◆ EXERCISE DESCRIPTION ◆
Your answer must be the exact lines from the one holding "Anomaly's Green Velvet" through the last line of the records below, with no pictures.

Stored entries
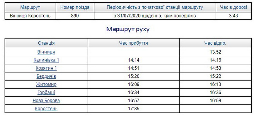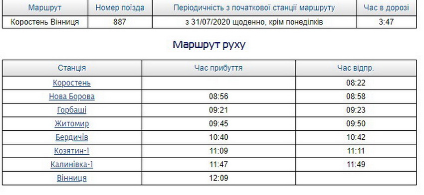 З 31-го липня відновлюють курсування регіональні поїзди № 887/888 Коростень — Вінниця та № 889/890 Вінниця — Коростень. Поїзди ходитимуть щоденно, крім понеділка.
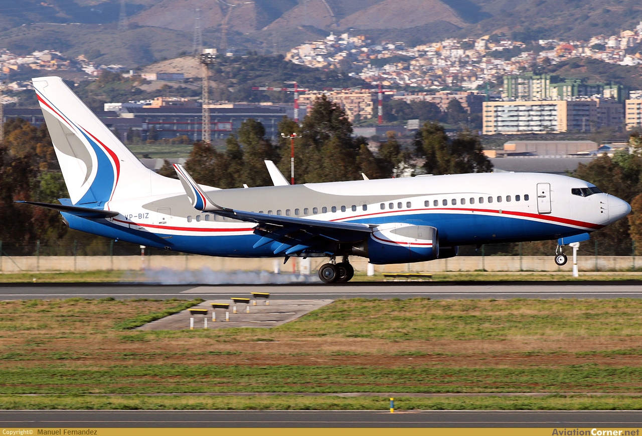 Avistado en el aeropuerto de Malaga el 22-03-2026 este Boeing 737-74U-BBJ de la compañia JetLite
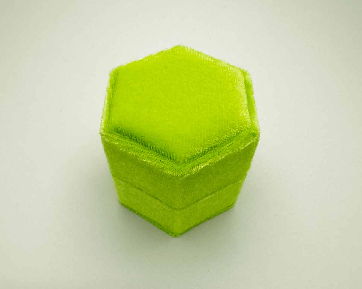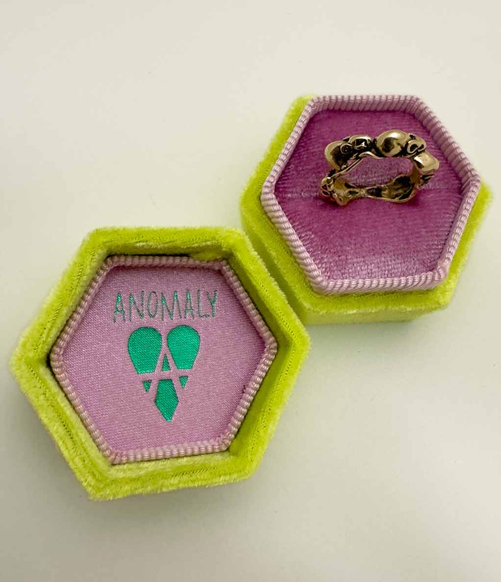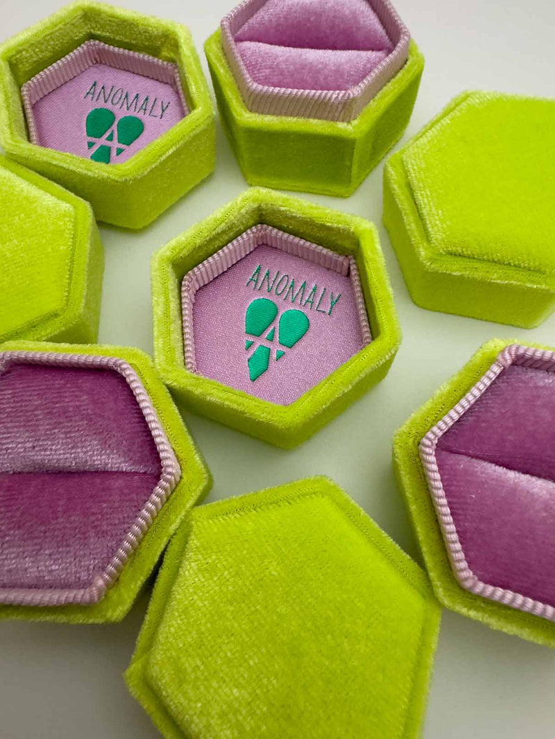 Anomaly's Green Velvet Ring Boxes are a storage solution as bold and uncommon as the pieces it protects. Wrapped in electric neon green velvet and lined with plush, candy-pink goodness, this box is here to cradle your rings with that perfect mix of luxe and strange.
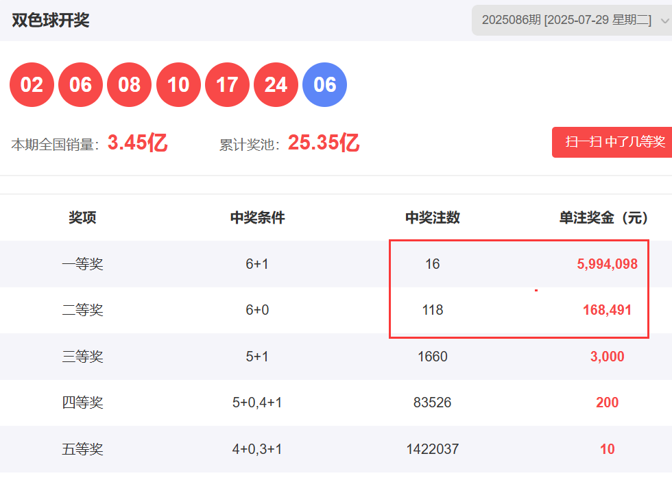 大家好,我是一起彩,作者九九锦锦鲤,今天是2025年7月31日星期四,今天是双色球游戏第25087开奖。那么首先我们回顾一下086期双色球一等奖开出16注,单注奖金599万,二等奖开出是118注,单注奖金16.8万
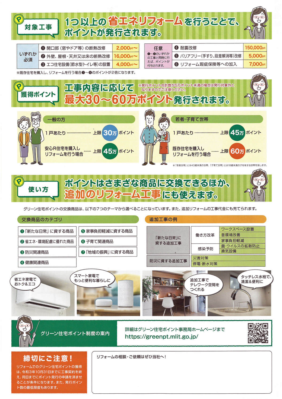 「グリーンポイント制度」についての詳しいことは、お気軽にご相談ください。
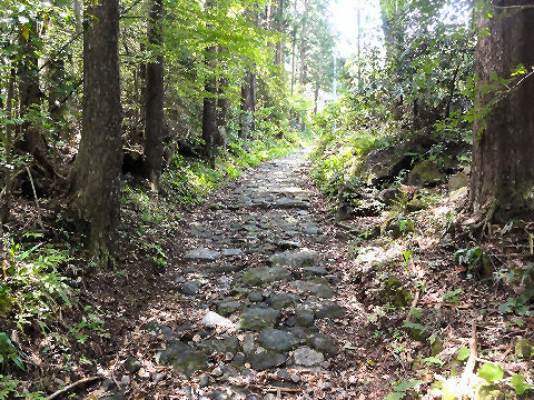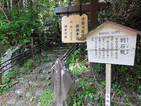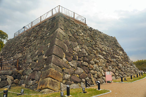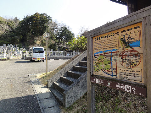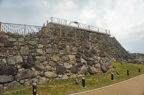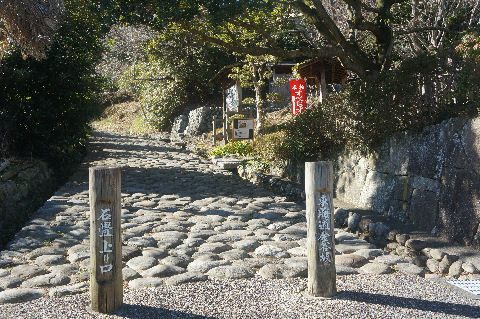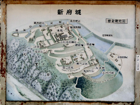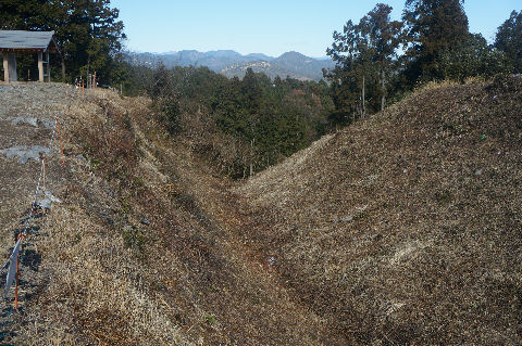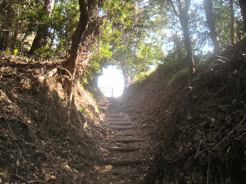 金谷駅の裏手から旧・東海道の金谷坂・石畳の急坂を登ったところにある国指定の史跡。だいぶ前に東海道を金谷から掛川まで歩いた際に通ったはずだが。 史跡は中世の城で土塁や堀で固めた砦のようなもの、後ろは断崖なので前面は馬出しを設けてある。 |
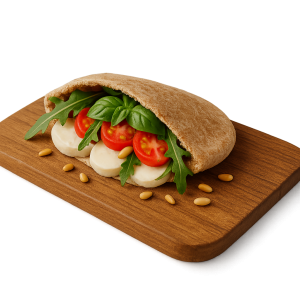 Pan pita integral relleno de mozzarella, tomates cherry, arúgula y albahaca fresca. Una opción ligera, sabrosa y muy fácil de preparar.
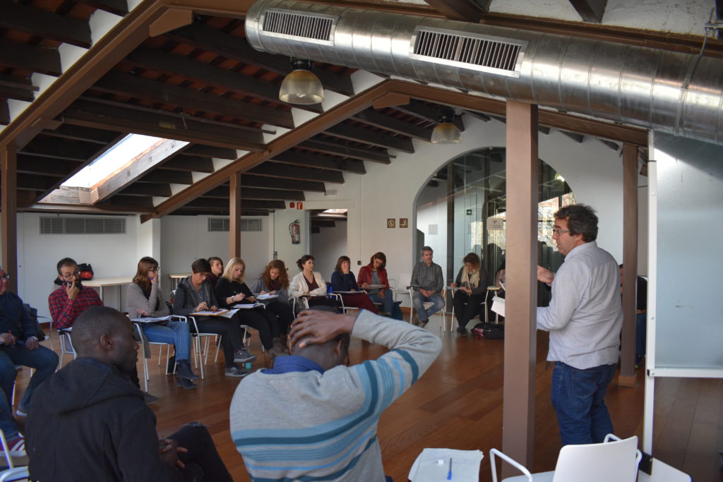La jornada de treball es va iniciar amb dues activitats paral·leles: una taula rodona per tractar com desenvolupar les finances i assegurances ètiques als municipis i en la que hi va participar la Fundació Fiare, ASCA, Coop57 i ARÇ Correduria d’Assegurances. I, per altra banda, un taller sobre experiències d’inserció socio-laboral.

◆ SOLUTION ◆
 Anomaly's Green Velvet Ring Boxes are a storage solution as bold and uncommon as the pieces it protects. Wrapped in electric neon green velvet and lined with plush, candy-pink goodness, this box is here to cradle your rings with that perfect mix of luxe and strange.
 大家好,我是一起彩,作者九九锦锦鲤,今天是2025年7月31日星期四,今天是双色球游戏第25087开奖。那么首先我们回顾一下086期双色球一等奖开出16注,单注奖金599万,二等奖开出是118注,单注奖金16.8万
 「グリーンポイント制度」についての詳しいことは、お気軽にご相談ください。
 金谷駅の裏手から旧・東海道の金谷坂・石畳の急坂を登ったところにある国指定の史跡。だいぶ前に東海道を金谷から掛川まで歩いた際に通ったはずだが。 史跡は中世の城で土塁や堀で固めた砦のようなもの、後ろは断崖なので前面は馬出しを設けてある。 |
 Pan pita integral relleno de mozzarella, tomates cherry, arúgula y albahaca fresca. Una opción ligera, sabrosa y muy fácil de preparar.
La jornada de treball es va iniciar amb dues activitats paral·leles: una taula rodona per tractar com desenvolupar les finances i assegurances ètiques als municipis i en la que hi va participar la Fundació Fiare, ASCA, Coop57 i ARÇ Correduria d’Assegurances. I, per altra banda, un taller sobre experiències d’inserció socio-laboral.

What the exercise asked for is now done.